Rettungseinsatz für gestrandeten Buckelwal in der Lübecker Bucht läuft auf Hochtouren
Emilia SchmittRettungseinsatz für gestrandeten Buckelwal in der Lübecker Bucht läuft auf Hochtouren
Buckelwal seit Tagen in der Lübecker Bucht gestrandet – Rettungskräfte kämpfen um sein Leben
Seit Tagen sitzt ein Buckelwal in der Lübecker Bucht bei Niendorf und Timmendorfer Strand an der deutschen Ostseeküste fest. Das Tier strandete in der Nacht vom 22. auf den 23. März 2026 – der erste derartige Vorfall in der Region seit über fünf Jahren. Rettungsteams arbeiten unter Hochdruck, um das Leben des Wals zu retten.
Bisher scheiterten alle Versuche, das Tier zu befreien. Mittlerweile setzen die Einsatzkräfte schwere Maschinen ein: Bagger heben einen 50 Meter langen Kanal aus, um das Wasser um den Wal zu vertiefen. Die Hoffnung ist, dass er sich dadurch befreien und in tiefere Gewässer zurückschwimmen kann.
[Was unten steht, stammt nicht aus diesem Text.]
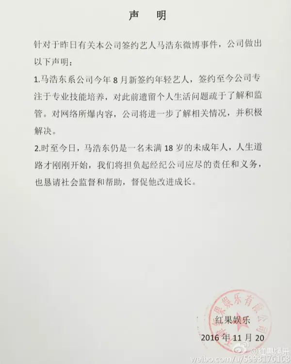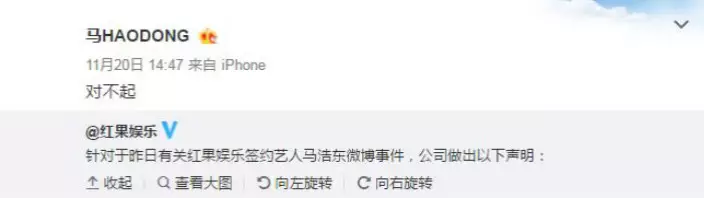 儘管馬浩東的媽媽在微博開腔幫聲,但輿論仍然認定母子二人只是想出名。而事件發生後,馬浩東所在的紅果娛樂亦發表聲明稱:「會了解相關情況,積極解決。」馬浩東則轉發此微博,表示歉意:「對不起。」
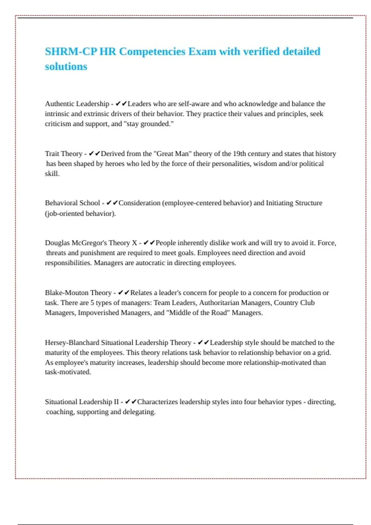 SHRM-CP HR Competencies Exam with verified detailed
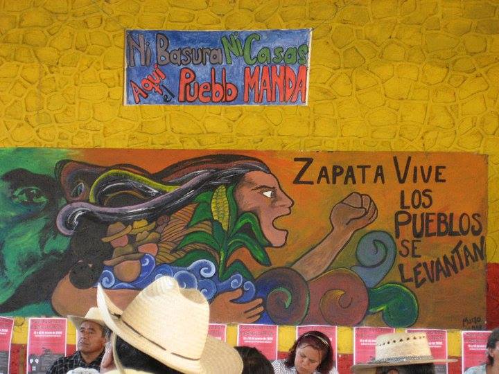 La comunidad indígena Náhuatl de Alpuyeca, se ubica al centro de México, en el estado de Morelos (cuna de Zapata). En el mes de marzo pasado, la asamblea comunitaria decidió no permitir la instalación del basurero estatal en su territorio porque dañaría su salud, agua y tierras.
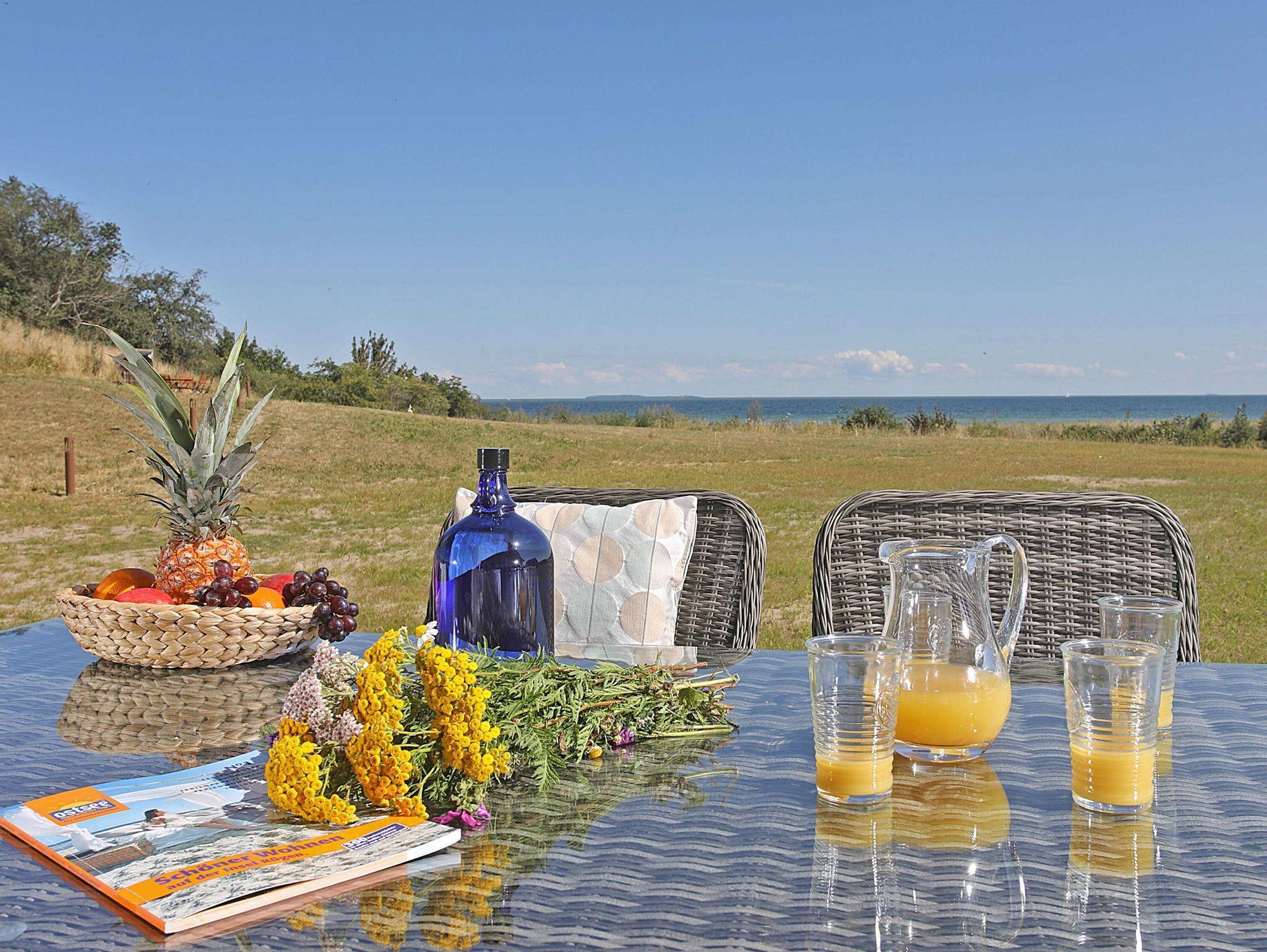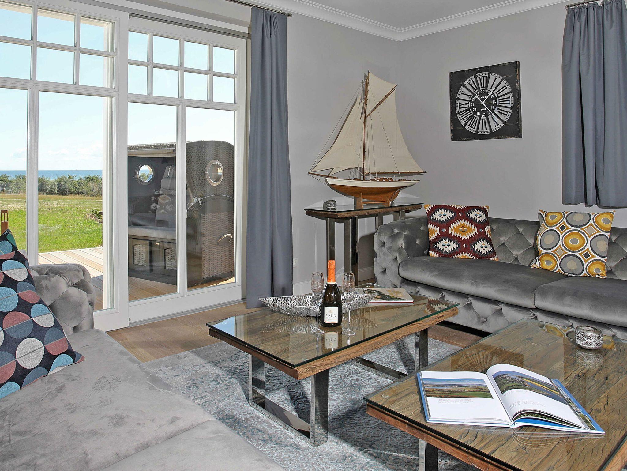 Der lichtdurchflutete Wohn- und Essbereich mit Meerblick befindet sich im Erdgeschoss. Das Wohnzimmer ist mit gemütlichen Sofas und einem LED UHD TV ausgestattet. In den kühleren Jahreszeiten verbreitet der, im Wohnzimmer eingebaute, Kamin eine besonders behagliche Atmosphäre.[nbsp] Die große integrierte Küchenzeile mit einem Backofen, einer Mikrowelle, einem Geschirrspüler, einem großen Kühlschrank mit Gefrierfach, einer Kaffeemaschine, Toaster, Wasserkocher und diversen Kleininventar lässt das Herz jeden Hobbykochs höher schlagen. Eine freistehende Kochinsel mit Sitzmöglichkeit rundet das Wohnküchenflair ab.

Der Vorfall reiht sich in seltene Fälle von spektakulären Tierrettungen der vergangenen Jahrzehnte ein. 2004 bildeten Delfine in Neuseeland einen schützenden Kreis um Schwimmer, um sie vor einem Weißen Hai zu bewahren. Im selben Jahr trug ein Baby-Elefant namens Ning Nong in Thailand während des Südasien-Tsunamis ein achtjähriges Mädchen in Sicherheit. Ein weiterer bemerkenswerter Fall ereignete sich 1996, als die Gorilladame Binti Jua im Brookfield Zoo von Chicago einen dreijährigen Jungen aufhob und in Sicherheit brachte, nachdem er in ihr Gehege gefallen war.
Trotz aller Bemühungen bleibt der Wal weiterhin gestrandet. Sollte der ausgehobene Kanal wirken, könnte er dem Tier den Weg zurück ins offene Meer ebnen. Die Behörden beobachten die Lage weiterhin genau.